Venons à notre démonstration ; elle ne sera pas longue.

Jacques Bonhomme avait deux francs qu’il faisait gagner à deux ouvriers.

Mais voici qu’il imagine un arrangement de cordes et de poids qui abrège le travail de moitié.

Donc il obtient la même satisfaction, épargne un franc et congédie un ouvrier.

Il congédie un ouvrier ; c’est ce qu’on voit.

Et, ne voyant que cela, on dit : « Voilà comment la misère suit la civilisation, voilà comment la liberté est fatale à l’égalité. L’esprit humain a fait une conquête, et aussitôt un ouvrier est à jamais tombé dans le gouffre du paupérisme. Il se peut cependant que Jacques Bonhomme continue à faire travailler les deux ouvriers, mais il ne leur donnera plus que dix sous à chacun, car ils se feront concurrence entre eux et s’offriront au rabais. C’est ainsi que les riches deviennent toujours plus riches et les pauvres toujours plus pauvres. Il faut refaire la société. »

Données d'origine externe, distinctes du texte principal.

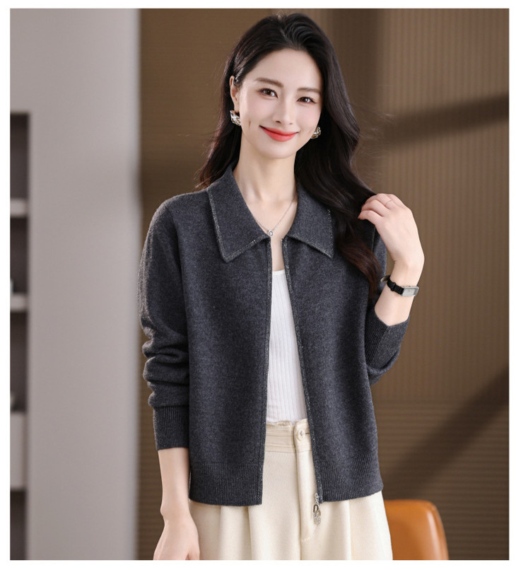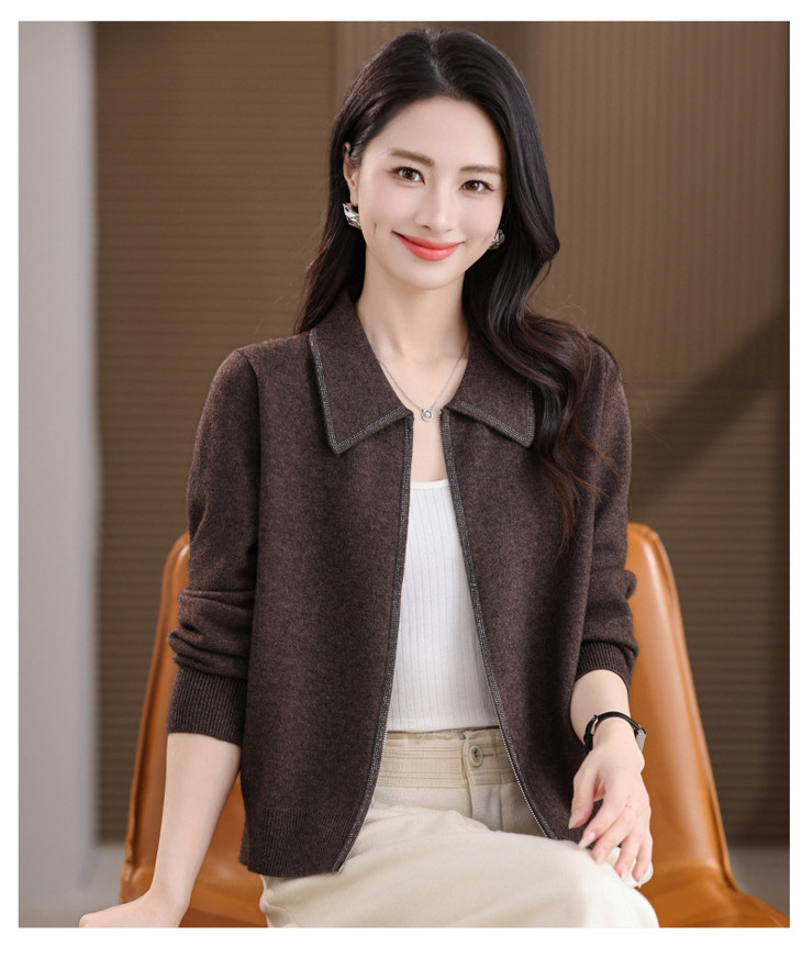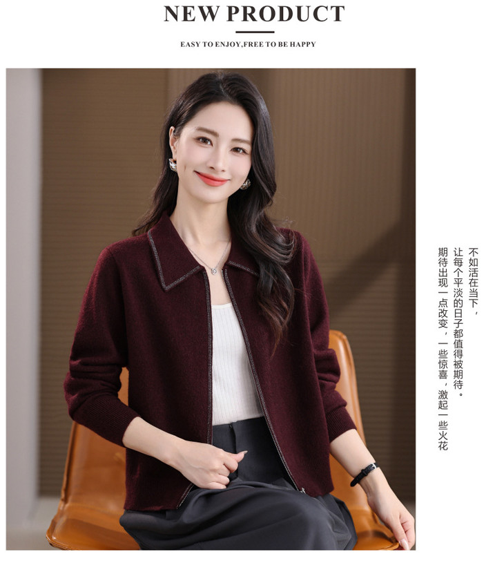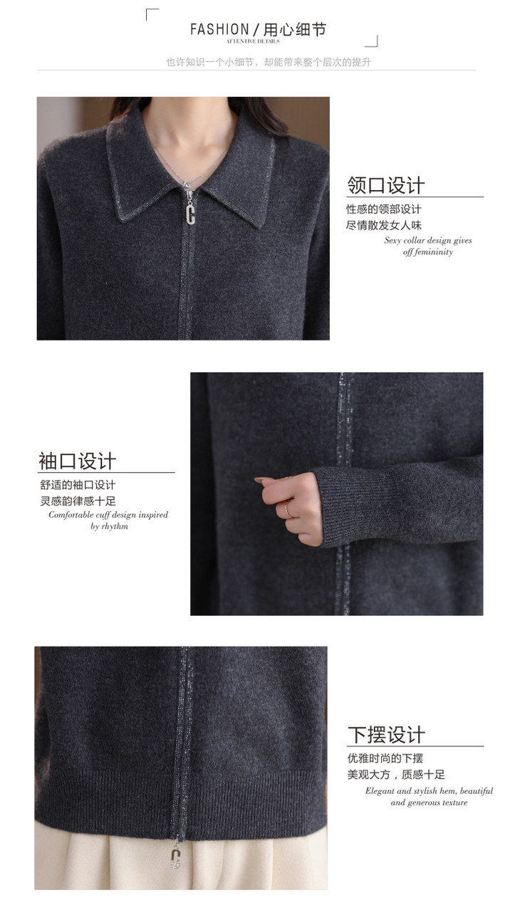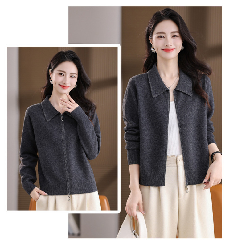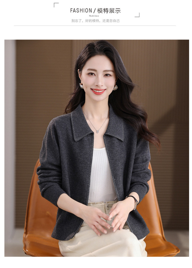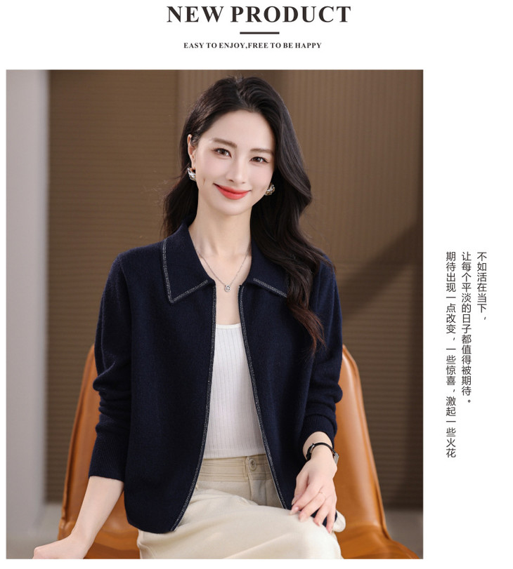 翻领外套气质休闲时尚针织上衣,洋气妈妈毛衣开衫宽松CC-101-35528

Belle conclusion, et digne de l’exorde !

Heureusement, exorde et conclusion, tout cela est faux, parce que, derrière la moitié du phénomène qu’on voit, il y a l’autre moitié qu’on ne voit pas.

On ne voit pas le franc épargné par Jacques Bonhomme et les effets nécessaires de cette épargne.

Puisque, par suite de son invention, Jacques Bonhomme ne dépense plus qu’un franc en main-d’œuvre, à la poursuite d’une satisfaction déterminée, il lui reste un autre franc.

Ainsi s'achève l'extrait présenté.